Лилат натянуто улыбнулась, демонстрируя в некотором роде принятие, но не согласие. Её улыбка быстро померкла, когда на гребне подул свежий ветерок с юга. Она выпрямилась и замерла наготове, что говорило о только что учуянном запахе.

— Кабан? — спросил я.

— Дым, — ответила она, качая головой.

Я осмотрел пространство внизу, но не заметил никаких признаков костра.

— Беда?

— Костёр. Всё ещё далеко, но завтра он будет здесь.

— Он?

Лилат повернулась ко мне с выражением на лице, в котором смешались сожаление и предчувствие.

— Эйтлишь. Он пришёл за тобой.

ГЛАВА ДВАДЦАТЬ СЕДЬМАЯ

На самом деле, несмотря на предсказание Лилат, Эйтлиша не было ещё два дня, а появился он совершенно неожиданно.

Следующий день я провёл в напряжённом ожидании и, отвлекаясь, неуклюже мучился на уроке Рулгарта. С недавних пор он согласился добавлять некоторые наставления к ежедневной порции избиений. Слова он обычно рявкал резко и без интонации, как правило в качестве демонстрации подчёркивая их болезненными ударами меча.

— Всегда будь готов двигаться, — сказал он, больно ткнув кончиком деревянного меча мне в плечо. — Не стой, как безхерый жених в первую брачную ночь.

Я в ответ рассеянно кивнул, позволив себе бросить взгляд на деревню. Хотя я не слышал упоминаний об Эйтлише после возвращения из башни, но видел, что на лицах каэритов отражается моё напряжение. Разговоры стали краткими, выражения лиц — настороженными, жители деревни занимались своими делами спешно и по большей части молча. Таолишь тоже были на взводе. Обычно они вели себя молчаливо, но теперь ежедневная тренировка под руководством Рулгарта отличалась нехарактерной капризностью. Раньше они набрасывались друг на друга с управляемой агрессивностью, которая немедленно забывалась по завершении боя. Но сегодня они демонстрировали злобное отсутствие контроля, а их спарринги переросли в несдерживаемые поединки, которые хоть со стороны и производили впечатление, но и пугали количеством пролитой крови. После нескольких порезов и серьёзных синяков Рулгарт приказал остановиться и отправил их восвояси.

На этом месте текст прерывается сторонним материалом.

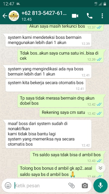 2. Sya jp hk 2d gsbesar 560rbu d Bo Mister.pas wd ga masuk2 sya log in mlah terblokir n chatt d suruh depo lg 10rbu,stlah chatt tnya wd y mlah chatt lngsung d putus n ku wa,malah wa y d blokir.tolong d bantu bos,,,,,BO Y MISTER4D

— Писарь, проснись! — Рыцарь, раздражённый моей недостаточной внимательностью, врезал мне мечом плашмя по макушке. По его меркам удар был слабым, и обычно я бы его отбил, но сегодня его случайный садизм разжёг редкое пламя гнева, заставив меня ответить прежде, чем я смог подавить порыв. Это оказался второй из двух ударов, которые мне когда-либо удалось нанести Рулгарту Колсару. Попадание по ноге в нашу первую схватку вызвало у него раздражение, а этот рубленый удар по туловищу вызвал другую реакцию.

Рулгарт не зарычал от гнева, а оценивающе прищурился. Потом едва слышно одобрительно хмыкнул и без какой-либо паузы или предупреждения начал атаку. Его меч размытыми пятнами поднимался и опускался по дуге, вынуждая меня отступать, трещали деревянные мечи — я отчаянно парировал каждый удар. Алундиец в своей свирепости действовал неумолимо и текуче, не давая ни времени, ни места увернуться и выкроить свободное пространство для ответного удара. Я мог только отбиваться, точно зная, что он неизбежно отыщет лазейку и мучительно отомстит. И всё же, по мере того, как продолжался поединок, я понял, что мне и впрямь удаётся держаться против этого несравненного рыцаря. Выпады и удары, которые некогда сбили бы меня с ног или заставили бы закачаться, теперь я парировал или отбивал почти с такой же скоростью, как он их наносил. А ещё многочисленные трюки из его репертуара так и не вынудили меня ослабить защиту или совершить фатальную оплошность, и, думаю, он попробовал их все.